OCR Accuracy Comparison 2018
OCR Accuracy Comparison 2018
2018-10-27
Bookscan creates PDFs with OCR applied, so I didn't really consider the details, but the OCR performance of Google Cloud Vision was far superior. Interference with side lines
https://gyazo.com/67101158807d5b29809390f890103ba3
(Bookscan) The second book, also by Katsuhiko Eguchi, is a management philosophy based on various memories of Konosuke. How can we succeed?
(Google) The second book is "The Law of Success: Why Konosuke Matsushita Succeeded" (PHP Factory Publishing), also by Katsuhiko Eguchi, who wrote his management philosophy based on his many memories of Konosuke. How can we succeed?
The part I drew a byline because I thought it was important has become OCR garbled and spoiled the electronic value of the document.
Horizontal characters in vertical text
https://gyazo.com/eac37d8f5b0f1d981ea041bb13eaf9fe
In December, the company turned profitable in a single month, and by March of the following year, monthly sales exceeded ¥10 million. The method of sharing information within a company using web technology was called "intranet," and many companies were experimenting with its use. This is what it means to be in step with the times. Cybozu 038," created by Mr. Hata, is much easier to use than existing groupware, making it easier to share information. Cybozu 038" sold faster than the three of us had expected.

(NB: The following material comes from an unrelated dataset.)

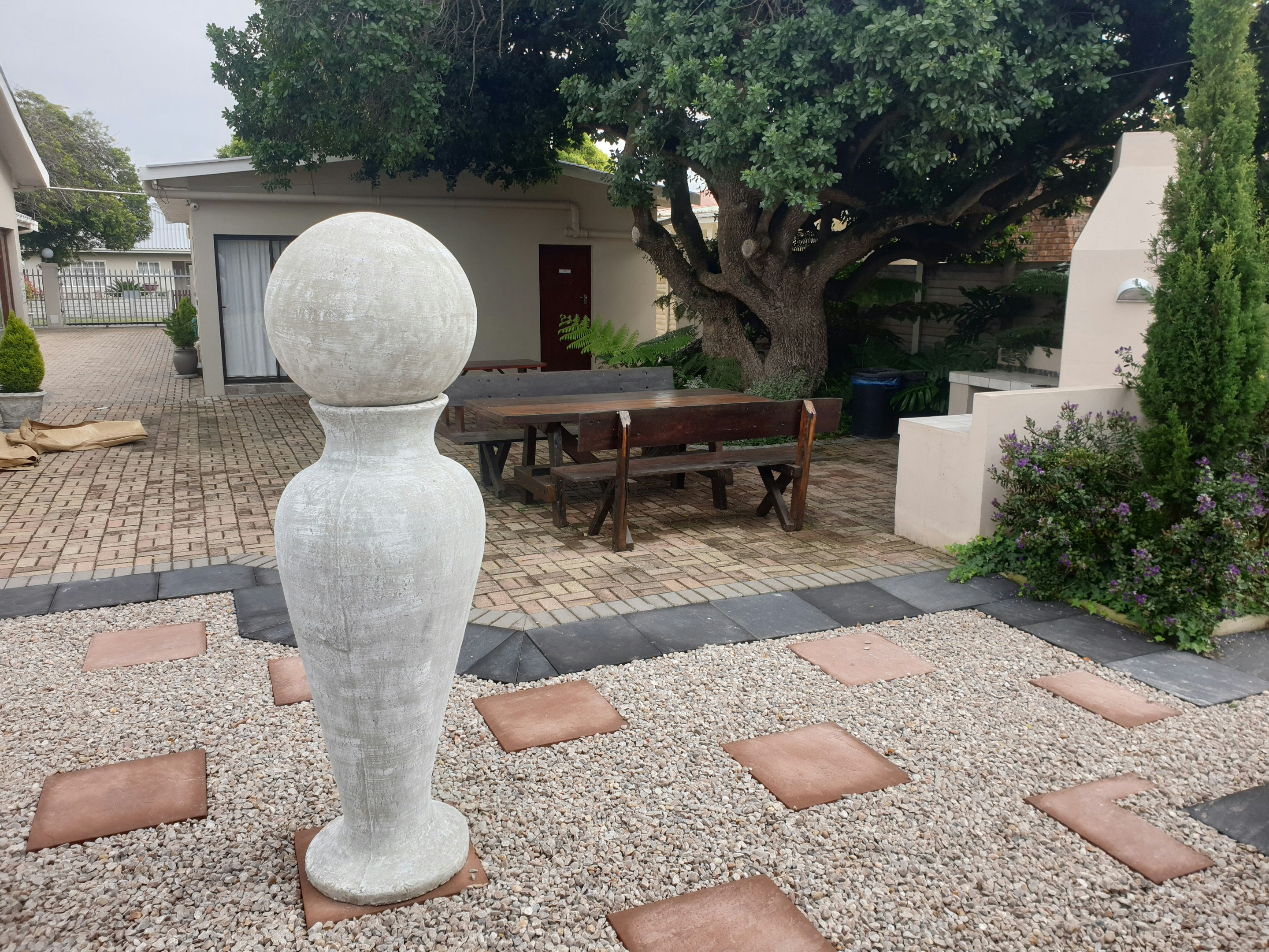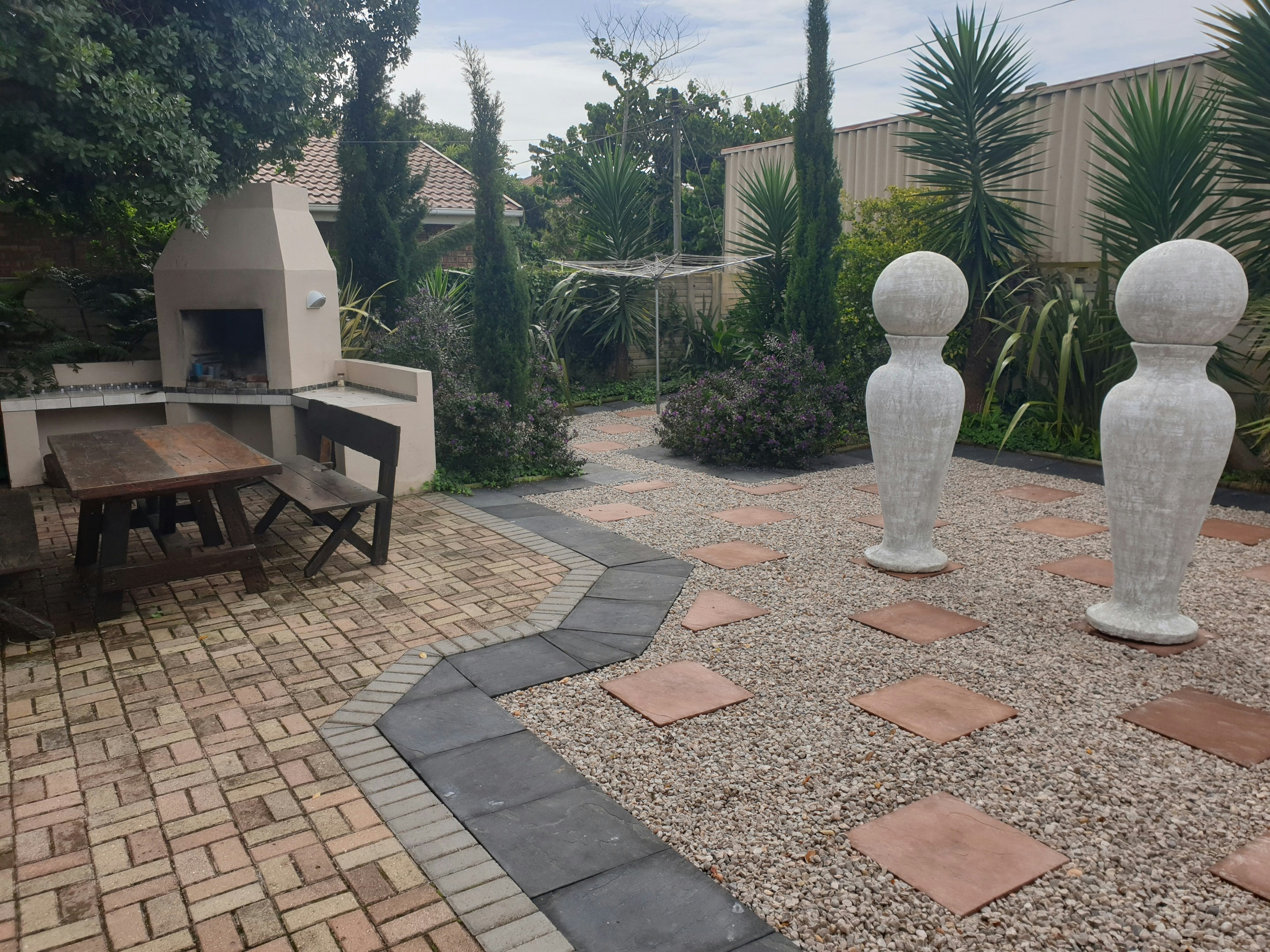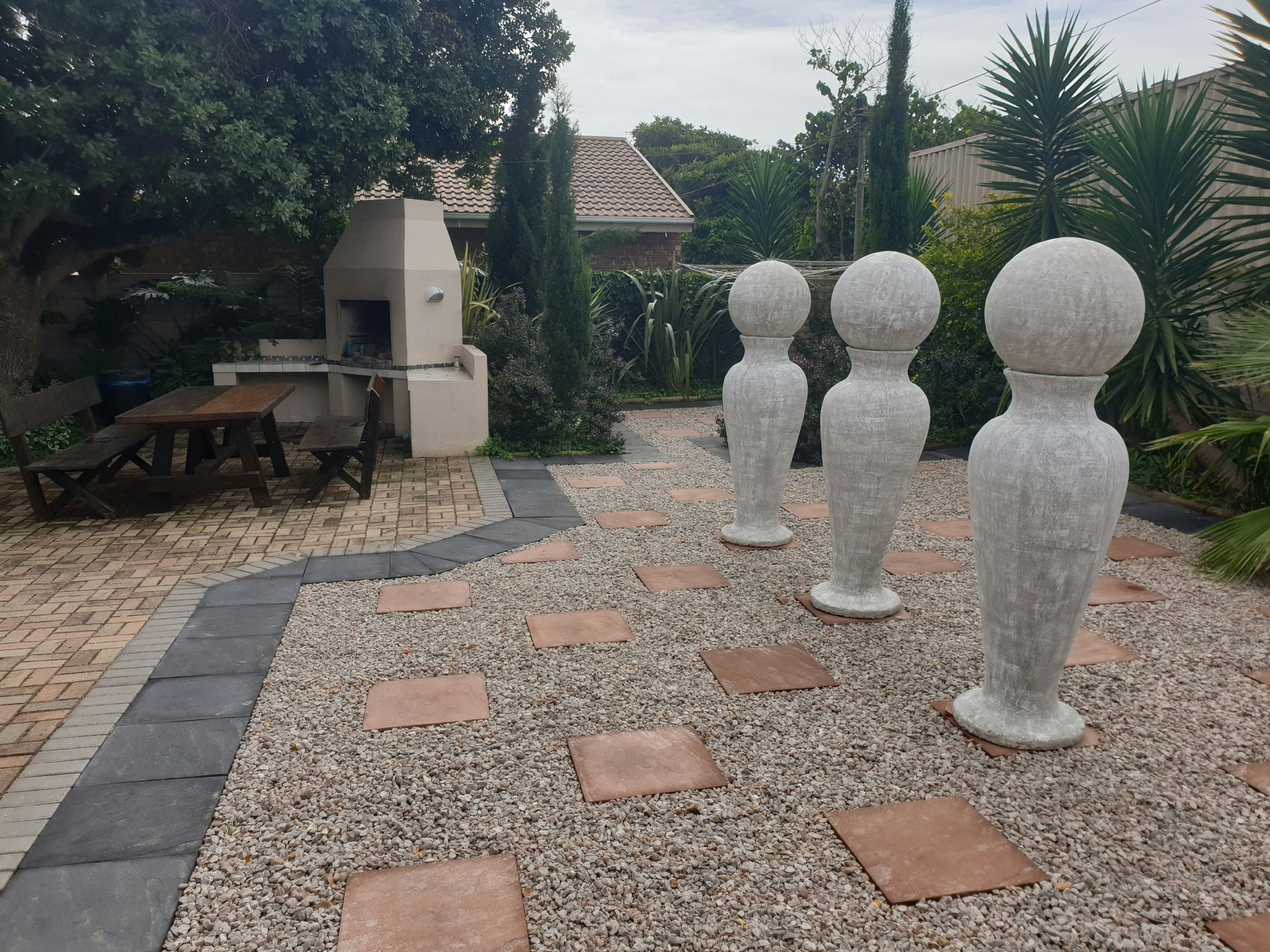 Die tuin bied 2 braai-areas met oorgenoeg sitplek wat jou sal noop om die warm aande aan die kus met 'n vleisie op die kole deur te bring. Daar is oorgenoeg veilige parkeerplek vir geregistreerde gaste en besoekers met geslotekringtelevisie en eksterne straalsekuriteit.
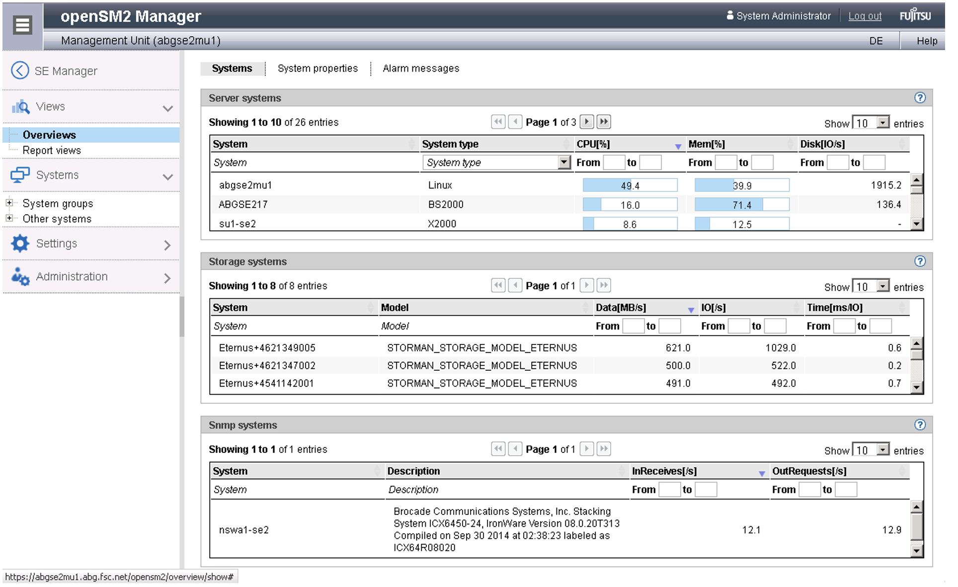 The openSM2 Performance Monitor can be integrated into the SE Manager. This enables the performance of the Server Units and the systems running on them to be monitored centrally using the SE Manager. openSM2 is optional and chargeable.

In February, Cybozu became profitable in a single month, and in March of the following year, monthly sales exceeded 10 million yen. Many companies were trying to introduce "intranets," a method of sharing information within a company using Web technology. This is what it means to be in step with the times. Cybozu Ofce," created by Mr. Hata, is by far easier to use than existing groupware, and it is easy to share information. Cybozu Ofce" sold faster than the three of us had expected.
Bookscan recognizes "Cybozu OB8", "Cybozu 038", "Cybozu 00hoi", and Mathematically
Google's has consistently been "Cybozu Ofce".
Better to be mistaken for one "Cybozu Ofce" than to be converted into another one of each.
I can fix it with replacements.
A hard-to-detect mistake on Google's part, "It says February when it's really October and December," is occurring.
When using statistical methods to complete from the surrounding string, the numbers are often wrong.
---
This page is auto-translated from /nishio/OCR精度比較2018 using DeepL. If you looks something interesting but the auto-translated English is not good enough to understand it, feel free to let me know at @nishio_en. I'm very happy to spread my thought to non-Japanese readers.